**WHAT YOU SHOULD DO:**
Give again, word for word, the lines below that run from the line with "Celana Jeans Cutbray" through the line with "Beneath the structured". Drop the pictures.

++++ EXERCISE DATA

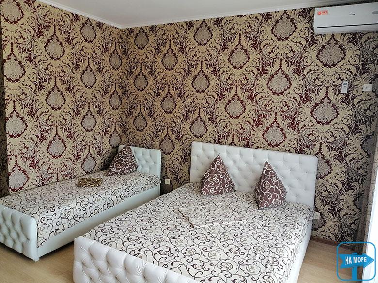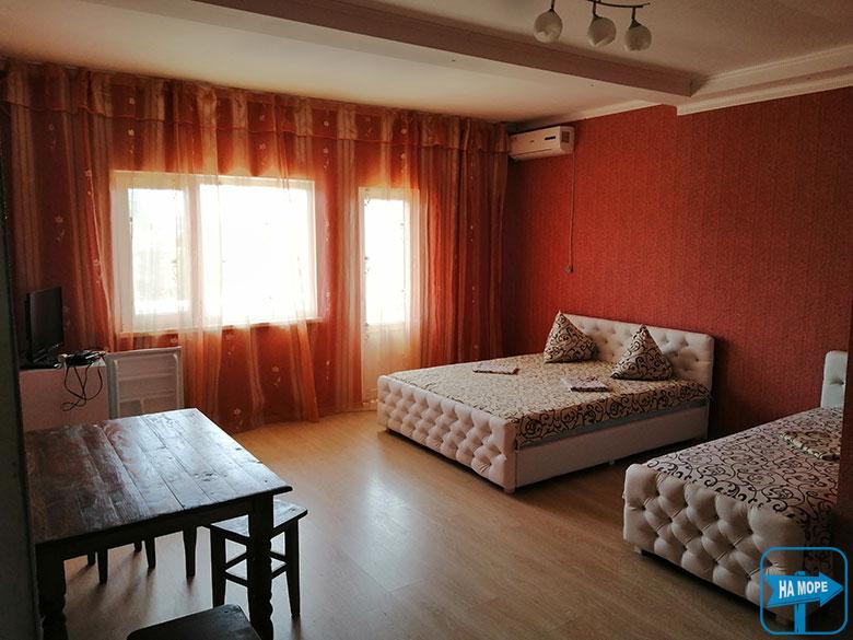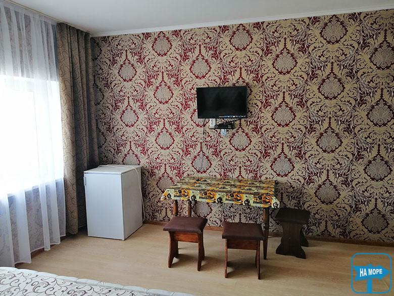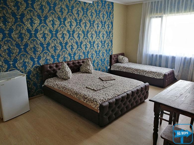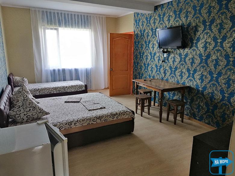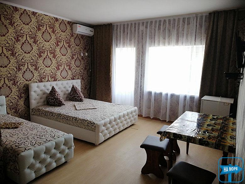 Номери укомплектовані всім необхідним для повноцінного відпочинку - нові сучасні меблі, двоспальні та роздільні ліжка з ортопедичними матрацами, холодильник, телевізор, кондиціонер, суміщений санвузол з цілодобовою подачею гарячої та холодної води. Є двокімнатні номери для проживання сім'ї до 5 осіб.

++++++++
++++ EXERCISE DATA

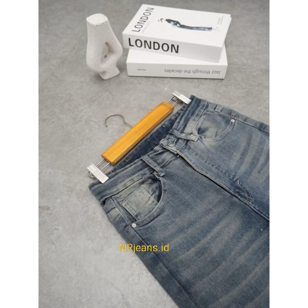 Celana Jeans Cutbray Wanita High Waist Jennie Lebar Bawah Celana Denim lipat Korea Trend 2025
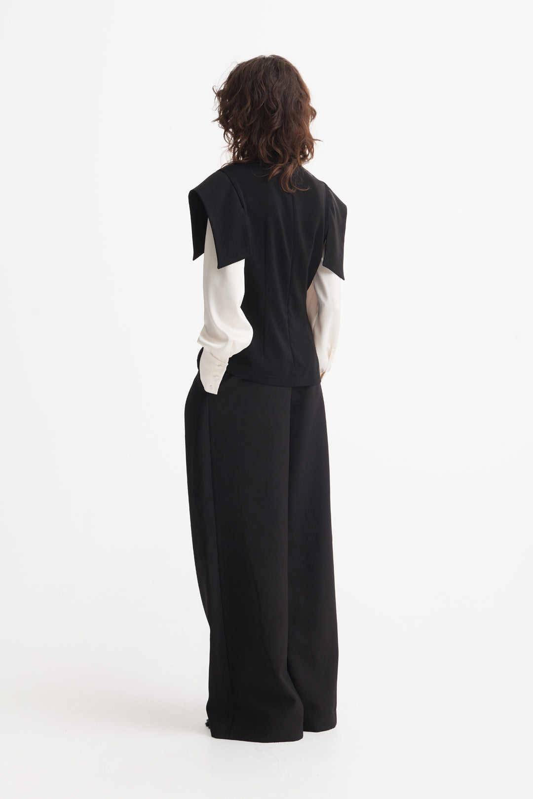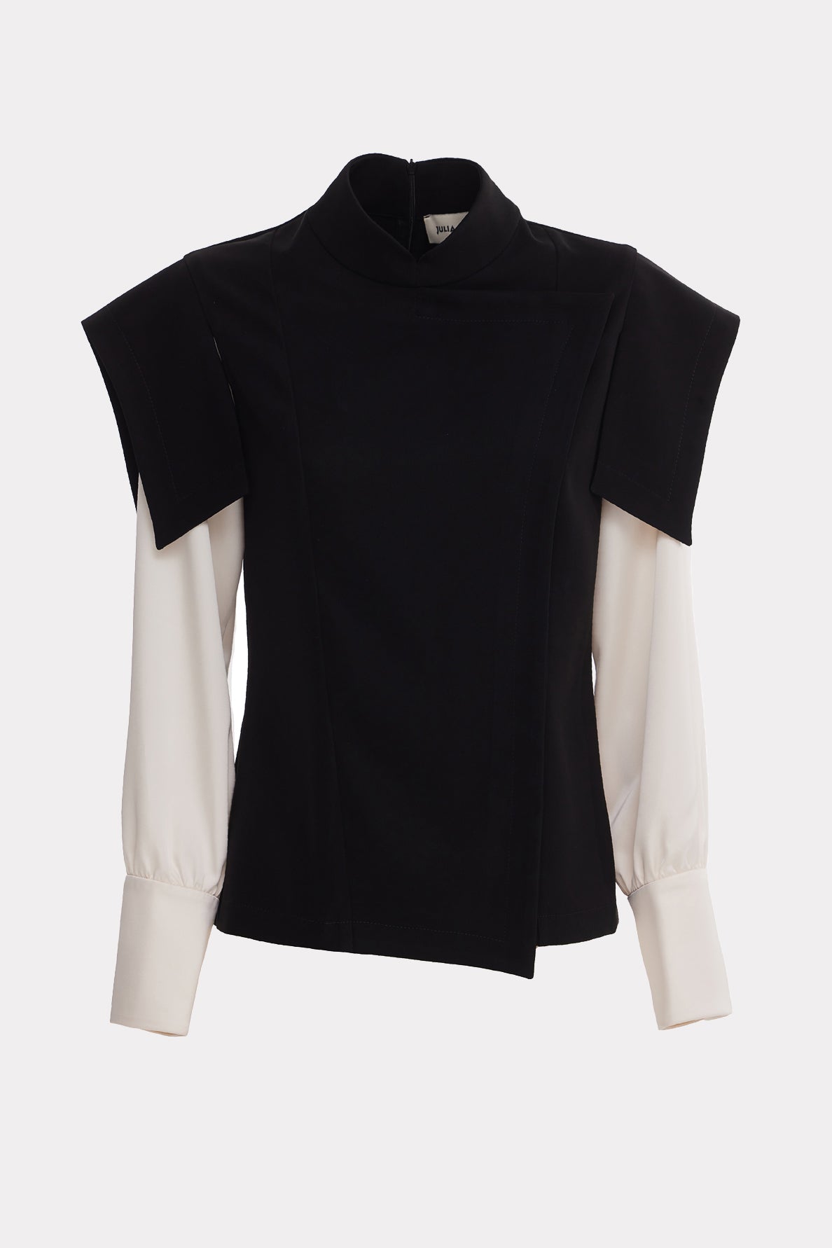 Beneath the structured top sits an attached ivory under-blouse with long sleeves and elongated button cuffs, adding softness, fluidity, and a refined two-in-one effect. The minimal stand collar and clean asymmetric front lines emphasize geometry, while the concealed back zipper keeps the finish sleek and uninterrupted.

++++++++

**TASK ANSWER:**
 Celana Jeans Cutbray Wanita High Waist Jennie Lebar Bawah Celana Denim lipat Korea Trend 2025
 Beneath the structured top sits an attached ivory under-blouse with long sleeves and elongated button cuffs, adding softness, fluidity, and a refined two-in-one effect. The minimal stand collar and clean asymmetric front lines emphasize geometry, while the concealed back zipper keeps the finish sleek and uninterrupted.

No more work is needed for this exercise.